1dba122c创建于 1 天前历史提交

ast_grep

Structural code search over supported source files via native ast-grep.

Source

  • Entry: packages/coding-agent/src/tools/ast-grep.ts
  • Model-facing prompt: packages/coding-agent/src/prompts/tools/ast-grep.md
  • Key collaborators:
    • crates/pi-natives/src/ast.rs — native scan, parse, match engine
    • crates/pi-ast/src/language/mod.rs — language aliases and extension inference used by the native wrapper.
    • packages/coding-agent/src/tools/path-utils.ts — path/glob parsing and multi-path resolution
    • packages/coding-agent/src/tools/render-utils.ts — parse-error dedupe and display caps
    • packages/coding-agent/src/tools/match-line-format.ts — hashline match rendering
    • packages/coding-agent/src/utils/file-display-mode.ts — hashline vs line-number output mode
    • packages/natives/native/index.d.ts — JS-visible native binding contract

Inputs

Field Type Required Description
pat string Yes Single AST pattern.
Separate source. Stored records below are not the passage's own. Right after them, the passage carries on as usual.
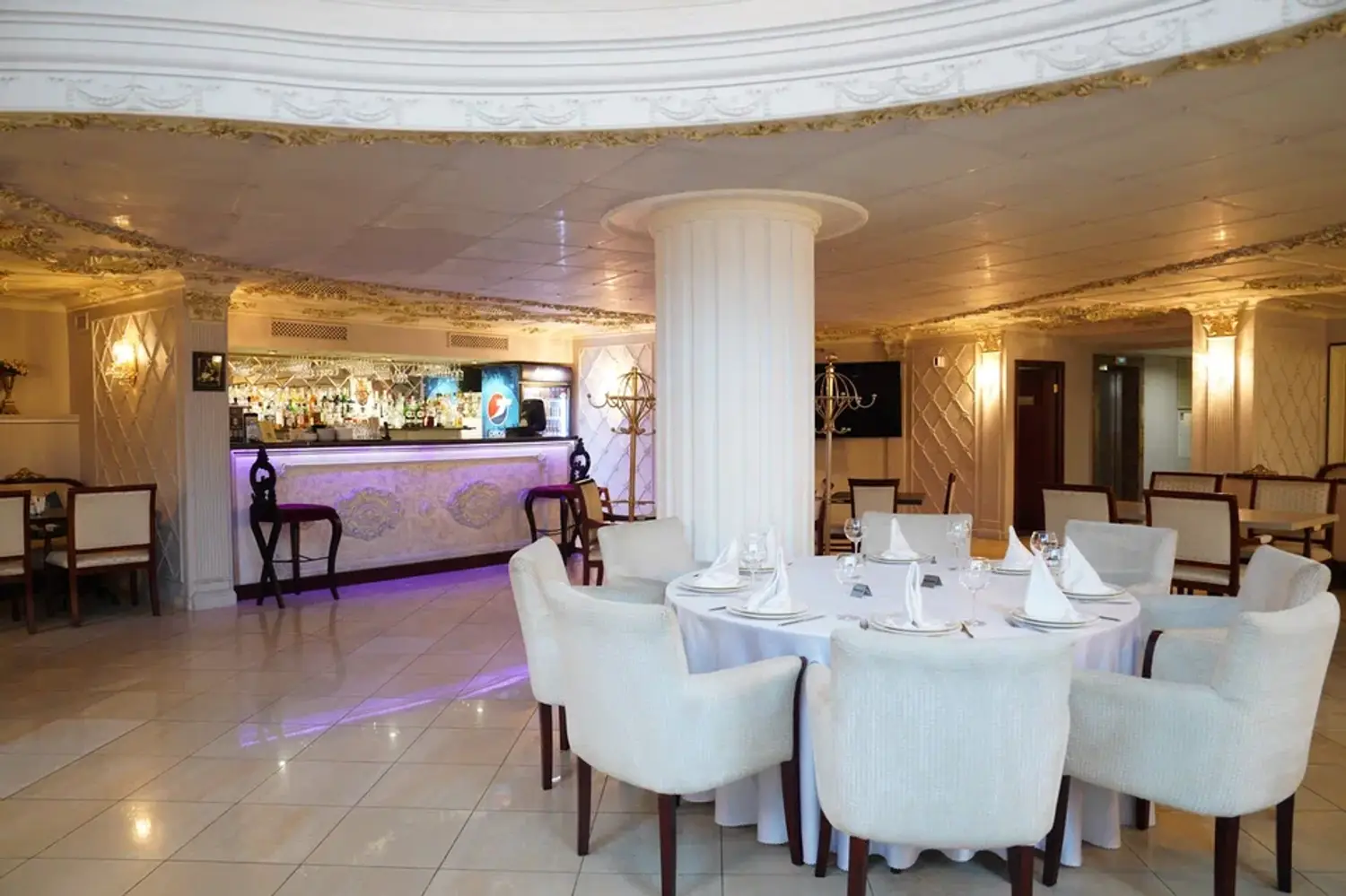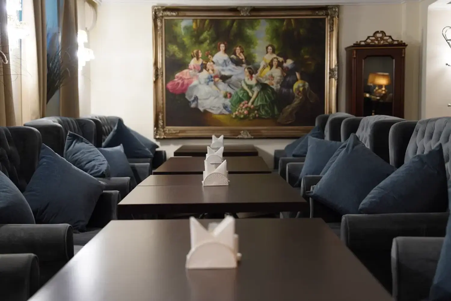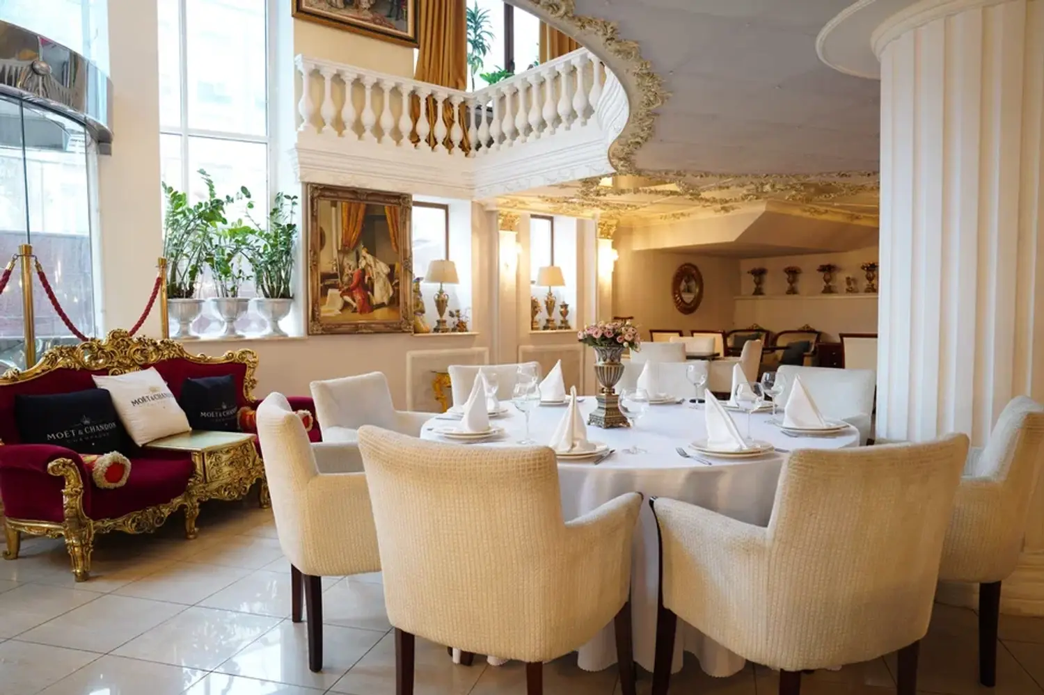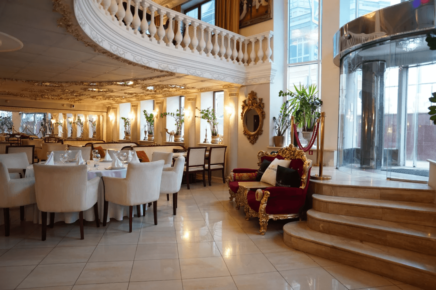 Атмосфера. Пространство оформлено в классическом стиле с акцентами в духе роскоши. Здесь мягкая светлая мебель, много мрамора, позолота и хрусталь.
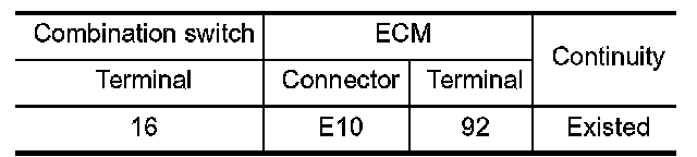 2.Check the continuity between combination switch harness connector terminals under following conditions.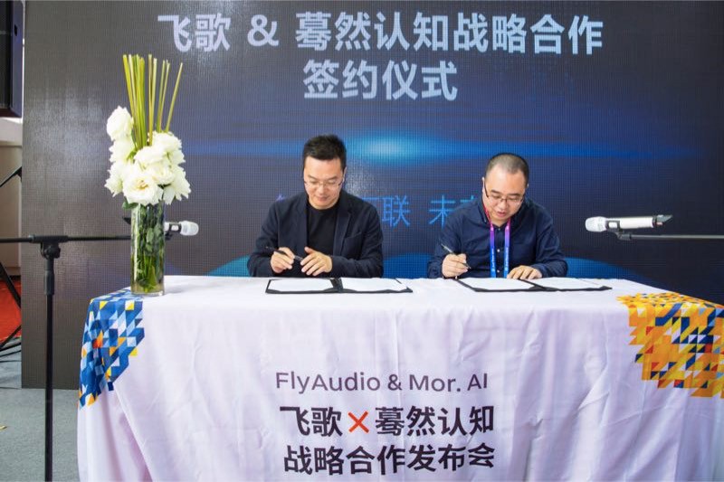 4月27rishangwu,feigeyumoranrenzhixuanbudachengzhanlvehezuo,bingzaibeijingchezhanxianchangjuxinglefabuhui。shuangfangbiaoshijinhoujiangzaizhinengchezailingyuzhankaishenruhezuo,feigejiangyumoranrenzhilianhekaifadazaiMorAuto係統的FlyAudio-Mor AI車機,為前裝OE客戶提供更加穩定可靠的AI車機方案,為客戶提供更加智能快捷的用戶體驗。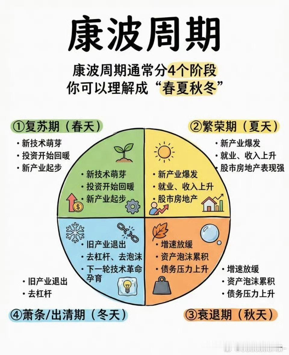 史上最长的春节假期余额不足,明天就得打螺丝。 经济周期的春天尚远,但大自然的春天已在眼前。 不管处在哪个阶段,我们都要学会好好享受生活。 康波周期的四个阶段,相当于春夏秋冬。 现在处在哪个季节,大家理解各自不同。 个人觉得现在顶多深秋,还没步入冬天。 一个季节大约时长15年,你们自己算吧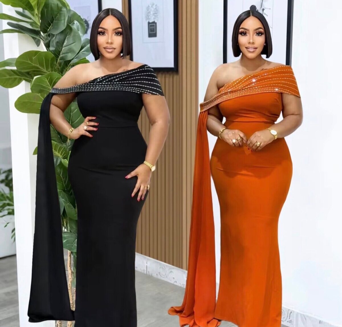 Élégante robe de soirée asymétrique ornée de perles, parfaite pour des occasions spéciales. Conçue pour mettre en valeur votre silhouette.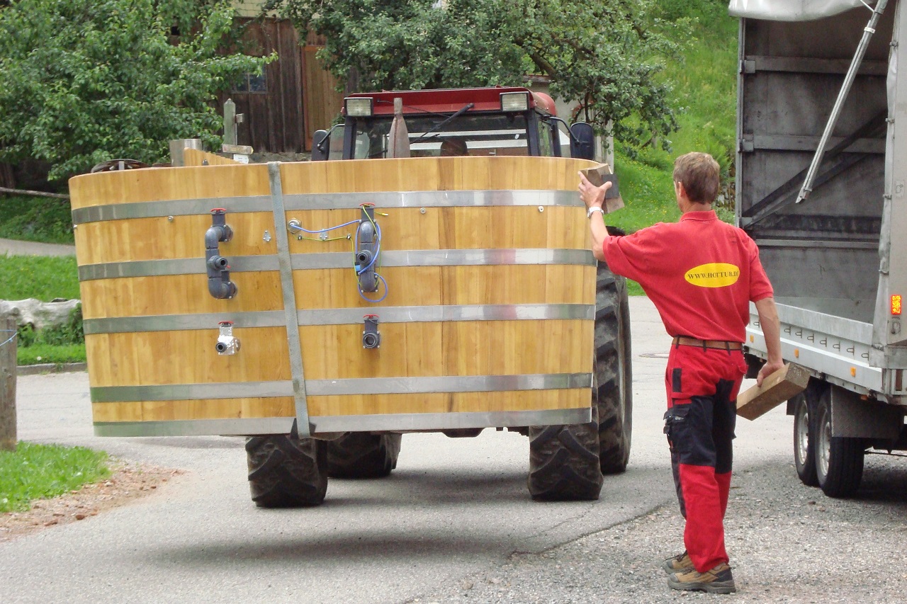 Der erste Weg zum Aufstell-Ort wird mit dem Traktor auf der Ladegabel zurückgelegt.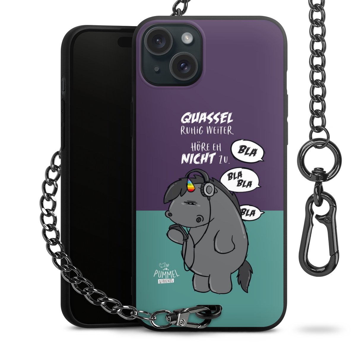Die mattschwarze Silikon-Handyhülle besteht aus robustem TPU (thermoplastisches Polyurethan). Sie ist flexibel und schützt Dein Smartphone vor Stößen und Kratzern. Die Kette sowie der Karabinerhaken sind aus Metall in Gunmetal-Optik gefertigt. Für dieses Produkt kommen ausschließlich TÜV-geprüfte Materialien zum Einsatz.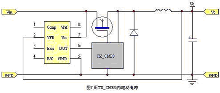 圖7示出的是采用TX_CMB3型驅(qū)動模塊的斬波電路,該驅(qū)動組件是北京落木源公司(www.pwrdriver.com)新開發(fā)出的單管隔離驅(qū)動器。該款驅(qū)動器使用變壓器隔離,采用分時技術(shù),在輸入信號的上升和下降沿傳遞PWM的信號,在平頂階段傳遞能量,因而能夠輸出陡峭的驅(qū)動脈沖。這種驅(qū)動方法的優(yōu)點是使用方便(在MOSFET功率不大時,只要如圖7連接就可以了),驅(qū)動脈沖質(zhì)量好,工作頻率高,體積較小,輸入電壓最高可達1000V,價格也比較便宜。缺點是工作頻率低時要求的變壓器體積比較大,同時成本稍高些,但考慮到簡化了設(shè)計、并降低了裝配成本,總成本可能還要低些。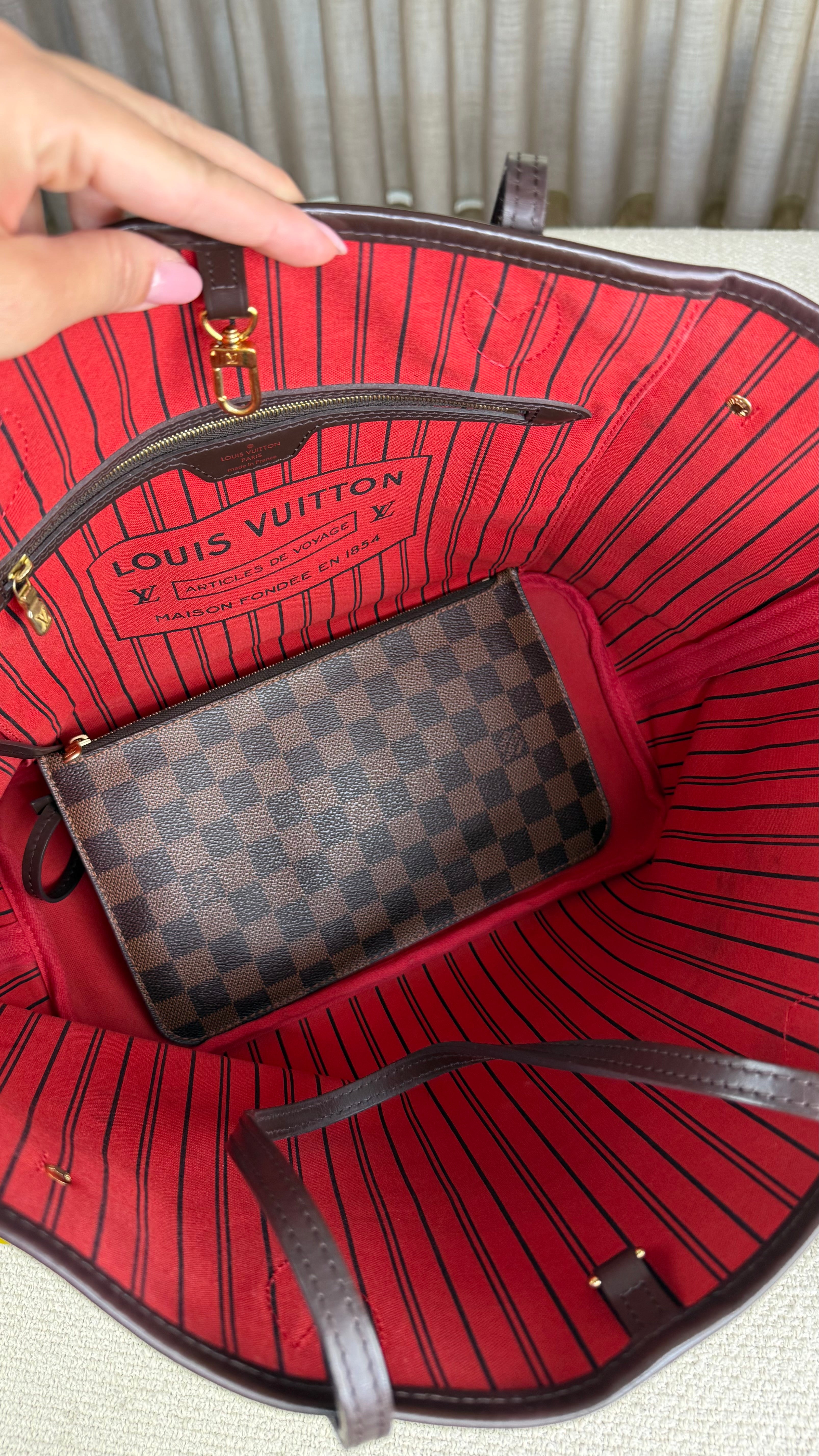 - CorPadrão Damier Ebene com interior vermelho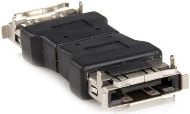 This eSATA Cable Adapter provides two female eSATA ports, offering a cost-effective way to interconnect two male eSATA connectors using two short eSATA cables in place of a (longer) single eSATA cable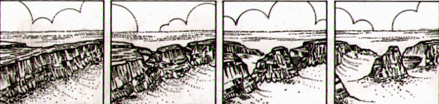 Four-part geologic diagram depicts the creation over time of Independence Monument (l-r):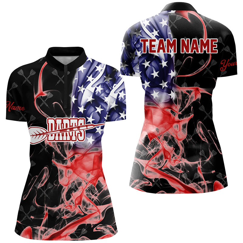 Customized Black Darts Pattern American Flag Smoke Women Darts Shirts Custom Patriotic Darts Jersey TDM1588

The wrapper trims it and rejects empty strings.
paths string[] Yes One or more files, directories, globs, or internal URLs with backing files. Empty entries are rejected. Globs are forbidden for internal URLs.
skip number No Match offset. Defaults to 0, then Math.floor(...); negatives and non-finite values fail.

Pattern grammar and language support exposed to the model:

  • $NAME — capture one AST node.
  • $_ — match one AST node without binding.
  • $$$NAME — capture zero or more AST nodes; ast-grep stops lazily at the next satisfiable node.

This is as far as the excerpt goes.